# Weigh a scale with itself

Using nothing but a pocket scale and a flat surface such as a countertop, find the total mass of the scale, including the attached metal plate and the plastic tray/cover (left).

• If you press the TARE button, the scale's zero point will be set to whatever weight is currently on the scale.
• After using the TARE function, any weight placed on the scale will be displayed as a positive number and any weight removed from the scale will be displayed as a negative number.
• When you power on the scale with the ON/OFF button, it will wait for 3 seconds, then automatically trigger the TARE function.
• Values are displayed in grams.
• The scale's strain gauge is located between the metal plate and the body of the scale. The bar that the strain gauge is attached to has negligible mass.
• You may not use the UNIT or PCS functions.

• When sitting upright, the metal plate is the highest point on the scale. The metal plate does not come in contact with the plastic cover when the cover is on.
• The scale weighs less than the weight limit (300 grams).
• The center of mass in the X-Y plane is within the metal plate, as determined by this method — the scale will not tip if set upside down.
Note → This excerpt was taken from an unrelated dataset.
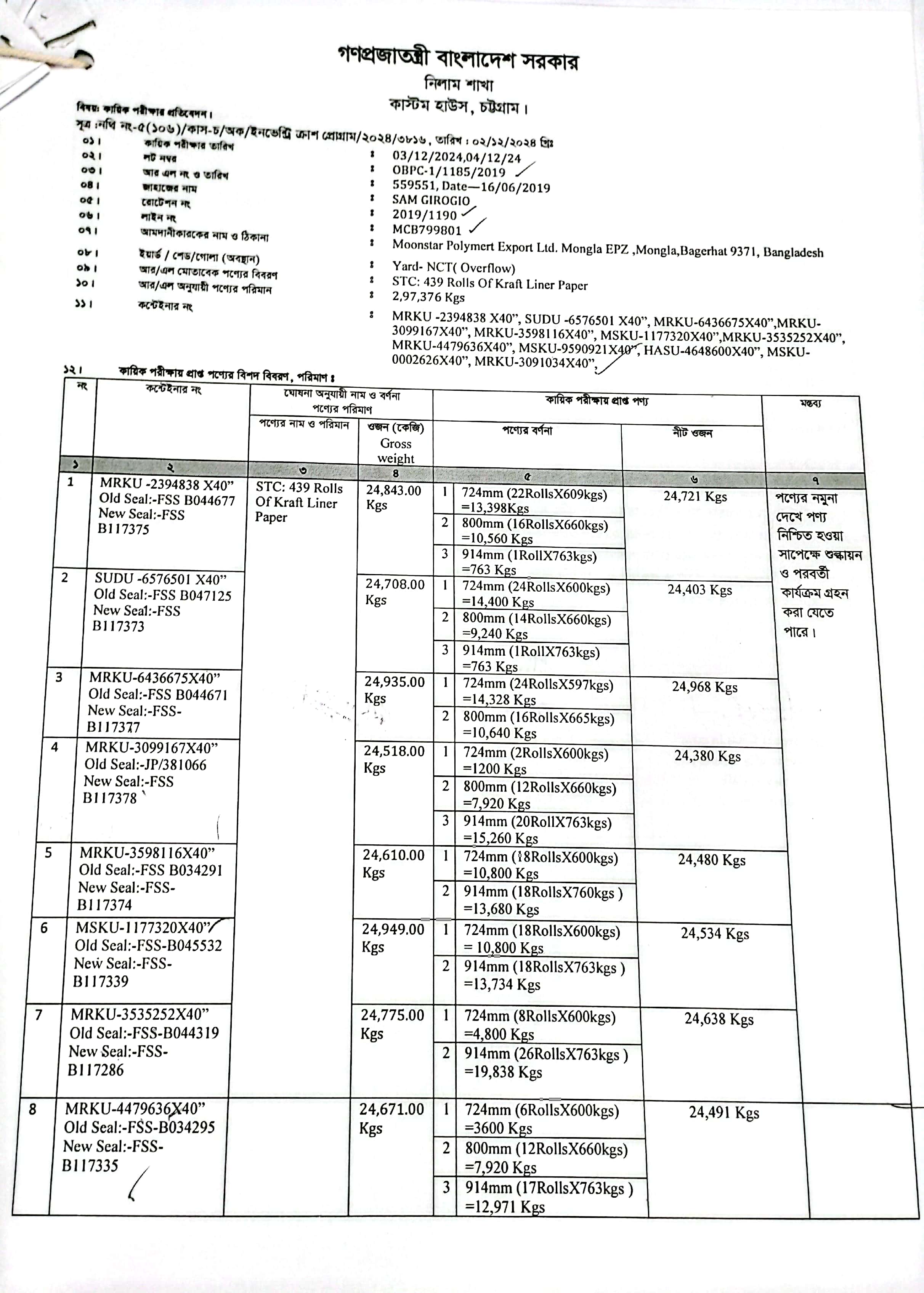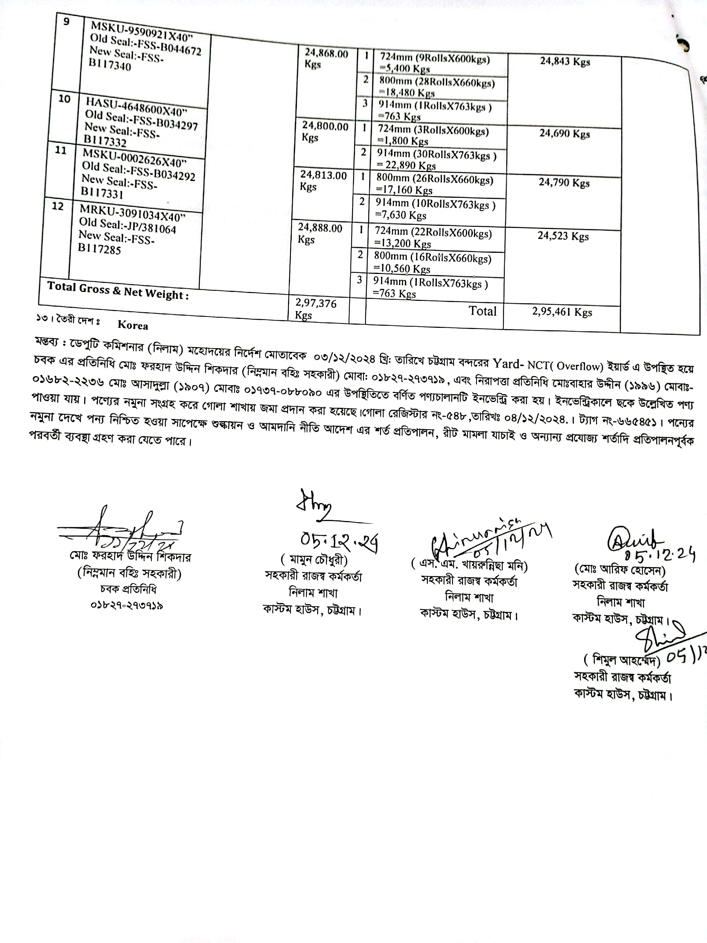 Terms & condition : নিলাম বিজ্ঞপ্তিতে উল্লিখিত সময়ের মধ্যে সেখানে সে অবস্থায় আছে, সে অবস্থায় সরেজমিন পণ্য পরিদর্শন করে নিলামে অংশগ্রহণ করার জন্য আগ্রহী নিলাম ক্রেতাগণকে অনুরোধ করা যাচ্ছে। দরপত্র উন্মুক্ত করার পর নিলামে অংশগ্রহণকারী/বিডার কর্তৃক পণ্য সংক্রান্ত কোন আপত্তি/আবেদন গ্রহণযোগ্য হবে না। আমদানি নীতি আদেশ ২০২১-২০২৪, বিদ্যমান অন্যান্য আইন ও বিধি-বিধানের প্রযোজ্য সকল শর্ত যথাযথ পরিপালনপূর্বক, প্রযোজ্য ক্ষেত্রে রাসায়নিক পরীক্ষার মাধ্যমে নিলামে বিক্রয়যোগ্য পণ্যের সঠিকতা যাচাই ও ব্যবহার উপযোগিতা থাকা সাপেক্ষে এবং খালাসকালে পণ্যের বর্ণনা এবং ওজন নিশ্চিত করে পণ্য ছাড়যোগ্য হবে। কোনরূপ কারণ দর্শানো ব্যতিরেকে কর্তৃপক্ষ যে কোন সময় ও পর্যায়ে যে কোন লট বা সকল লটের নিলাম আংশিক বা সম্পূর্ণ স্থগিত বা বাতিল করার অধিকার সংরক্ষণ করেন।

• Does the scale weigh less than 300 g? Commented May 15, 2020 at 8:55
• @msh210 Good question! It does. Commented May 15, 2020 at 11:48

You can:

1. Place the pocket scale upside down on the flat surface, turn it on, wait a bit, then turn it around. That should give you the weight of the body 1 (negative value), minus the weight of metal plate.
2. Place the pocket scale upside down sideways over the cover you showed, so that the metal plate hangs freely, but the body of scale is supported by the cover. (The metal plate does not come in contact with the plastic cover when the cover is on.) Turn it on, wait a bit, then turn it around. That should give you twice the weight of the metal plate (positive value). It's double since it first measures the plate hanging (and calls it zero), then it measures the plate on top. The difference will be twice the weight of the plate, which is what we want, since the plate was subtracted twice in step 1.
3. Press the "Tare" button, and put the cover on the weight. That should give you the weight of the cover (positive value).
4. Add the three numbers together to get the total weight of the scale.
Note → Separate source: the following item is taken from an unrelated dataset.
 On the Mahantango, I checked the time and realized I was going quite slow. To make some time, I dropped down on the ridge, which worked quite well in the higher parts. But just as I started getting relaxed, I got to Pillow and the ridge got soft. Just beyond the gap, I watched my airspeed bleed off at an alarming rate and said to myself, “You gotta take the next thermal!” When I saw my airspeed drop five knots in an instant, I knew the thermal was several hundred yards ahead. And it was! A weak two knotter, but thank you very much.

Note: Corrected after comment by Jaap Scherphuis.

• Great solution. The scale is 104 g with the included batteries, or 90 g without them. Commented May 15, 2020 at 12:27
• Doesn't step 1 give you the the weight of the body minus the weight of the plate? (i.e. not the weight of the body alone, which is the weight of the whole scale minus the plate). So later in step 4 you should add twice the weight of the plate back on. Commented May 15, 2020 at 12:31
• @JaapScherphuis of course, you're right... Edited and credited :)
– CG.
Commented May 15, 2020 at 12:52
• @TCooper With this scale, it doesn't fail because the center of mass in the X-Y plane is within the metal plate. I'll add that information to the question. Thanks for pointing out the omission! Commented May 15, 2020 at 20:05
• Gotta say, this was quite a fun little puzzle! Commented May 15, 2020 at 23:37

Hold the scale in the air by the metal plate, so that the base of the scale is pulling down and creating tension on the strain gauge equal to the base's weight. Turn the scale on and let it tare. Now place the scale on the table. Relative to the previous tare, this new measurement no longer has the base pulling down (so +weight of base), and it also now has the weight of the plate on top (so +weight of plate). This means the displayed measurement is weight of base + plate, i.e. weight of the scale.
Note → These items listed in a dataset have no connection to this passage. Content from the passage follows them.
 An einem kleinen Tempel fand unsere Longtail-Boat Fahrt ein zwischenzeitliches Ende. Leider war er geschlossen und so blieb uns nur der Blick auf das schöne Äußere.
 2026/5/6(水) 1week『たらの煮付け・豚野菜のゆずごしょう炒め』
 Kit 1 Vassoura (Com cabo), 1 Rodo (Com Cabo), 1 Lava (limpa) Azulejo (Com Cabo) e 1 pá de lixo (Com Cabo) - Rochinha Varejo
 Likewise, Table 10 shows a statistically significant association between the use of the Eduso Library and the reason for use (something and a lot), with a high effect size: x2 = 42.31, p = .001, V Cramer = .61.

• That's a clever solution, but I'm not sure it would work in practice. I believe you would have to keep incredibly steady. D=0.01 grams, which is very very little... Note: I'm not sure, it could work.
– CG.
Commented May 16, 2020 at 14:30
• @Snowball, can you try this out and let us know how it compares to the accepted answer? Commented May 16, 2020 at 14:59
• @knrumsey: This was a bit tricky to pull off, but it works! CG.'s solution gave 104.165±0.004 g (SEM, N=10) and hpp3's solution gave 104.163±0.027 g (SEM, N=10). Commented May 16, 2020 at 19:21

Can you

power it on, put it upside down (with the plastic cover on top), wait for 3 seconds, and then put it upright again?

If

it says, for instance, -500 grams, the scale weighs 500 grams?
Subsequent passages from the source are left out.